Заглоба распечатал и стал читать:
— «Всемилостивейшая ко мне госпожа и пр. Доношу вашей милости, сударыня, что я уже стою в Кудаке, откуда, дай боже, в добрый час нынешним утром на Сечь отправлюсь, а пока что пишу тут, в беспокойстве спать не ложася, чтобы вам какая кривда от головореза этого, Богуна, и его бродяг не случилась. А поскольку мне тут и пан Кшиштоф Гродзицкий говорил, что, того гляди, война большая разразится, ради каковой также и чернь поднимется, потому заклинаю и умоляю вашу милость, сударыня, чтобы eo instante, хоть бы даже и степь не просохла, хоть бы верхами, тотчас же с княжною в Лубны ехать изволили и не поступали бы иначе, ибо я впору воротиться не успеваю. Каковую просьбу соблаговоли, ваша милость сударыня, незамедлительно исполнить, дабы о блаженстве, мне обещанном, я мог не опасаться и, воротившись, нарадовался им. А вместо того чтобы вашей милости, сударыня, с Богуном кунктовать и, обещав девку мне, ему со страху голову морочить, лучше sub tutelam князя, господина моего, укрыться, каковой в Разлоги гарнизон послать не промедлит, так что и усадебку упасете. При сем имею честь и т. д. и т. д.».
— Гм, друг ты мой, Богун, — сказал Заглоба, — гусарик, видать, рога тебе наставить собрался. Значит, вы за одною девкой увивались? Чего ж ты молчал-то? Да ты не переживай, мне вот тоже случалося…
Начатая фраза замерла на устах пана Заглобы. Казак сидел за столом неподвижно, но лицо его словно бы свело судорогой, оно было бледно, глаза закрыты, брови сдвинуты. С Богуном происходило что-то ужасное.
— Что это ты? — спросил пан Заглоба.
Тот стал судорожно махать рукою, а из уст его послышался приглушенный, хриплый голос:
— Читай давай второе.
— Второе — княжне Елене.
— Читай! Читай!
Заглоба начал:
— «Милая, возлюбленная Елешка, сердца моего госпожа и королева! Поскольку по княжескому делу я немалое еще время в этой стороне пробуду, то пишу я к тетке затем, чтобы вы в Лубны сразу же ехали, где никакая твоей девичьей чести обида от Богуна случиться не может и взаимная сердечная склонность наша риску не подвергнется…»
— Довольно! — крикнул вдруг Богун и, обезумело вскочив из-за стола, прыгнул к Редзяну.
Чекан фыркнул в его руке, и несчастный отрок, пораженный в самую грудь, охнул и грянулся на пол.
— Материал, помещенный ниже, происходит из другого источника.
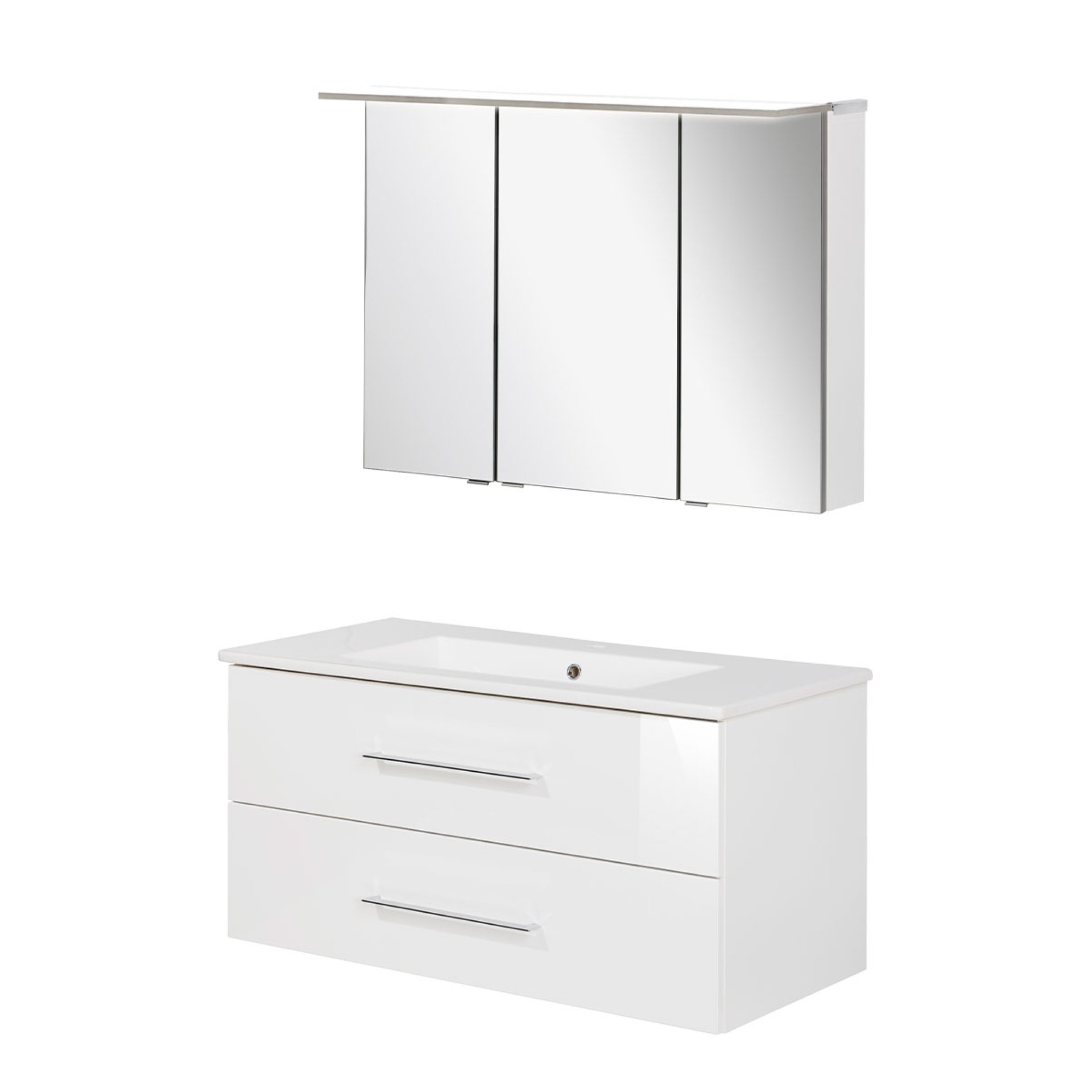 Fackelmann B.PERFEKT Waschtisch Set mit Spiegelschrank 103 cm breit, Weiß, Waschbecken Keramik Weiß

Безумие овладело Богуном, он бросился к пану Заглобе, вырвал у того письма и сунул их за пазуху.
Заглоба, схватив бутыль с медом, отскочил к печке и крикнул:
— Во имя отца, и сына, и святого духа! Человече, ты очумел, что ли? Спятил ты, а? Успокойся, опомнись! Окуни башку в ведро, черт бы тебя подрал!.. Да слышишь ты меня?
— Крови! Крови! — выл Богун.
— Ты что, сбесился? Окуни же башку в ведро, сказано тебе! Вот она, кровь, ты ее уже пролил, причем невинную. Он уже не дышит, парнишка этот бедный. Дьявол тебя попутал или сам ты есть сущий дьявол? Опомнись же, а нет — пропади ты пропадом, басурманский сын!
Выкрикивая все это, Заглоба протиснулся по другую сторону стола к Редзяну и, склонившись над ним, стал ощупывать пострадавшему грудь и прикладывать ладонь ко рту его, из которого неудержимо бежала кровь.
Богун же, схватившись за голову, скулил, точно раненый волк. Потом, продолжая выть, упал на лавку, ибо душа в нем была истерзана бешенством и страданием. Внезапно он вскочил, подбежал к двери, выбил ее ногой и выбежал в сени.
— Беги же, чтоб тебе пусто было! — невнятно проворчал пан Заглоба. — Беги и разбей башку об конюшню или об овин, хотя, рогоносцем будучи, мог бы уже и бодаться. Вот это рассвирепел! В жизни ничего подобного не видывал. Зубами, как кобель на случке, стучал. Но паренек-то живой еще, бедняга. Ей-богу, если ему этот мед не поможет, значит, он солгал, что шляхтич.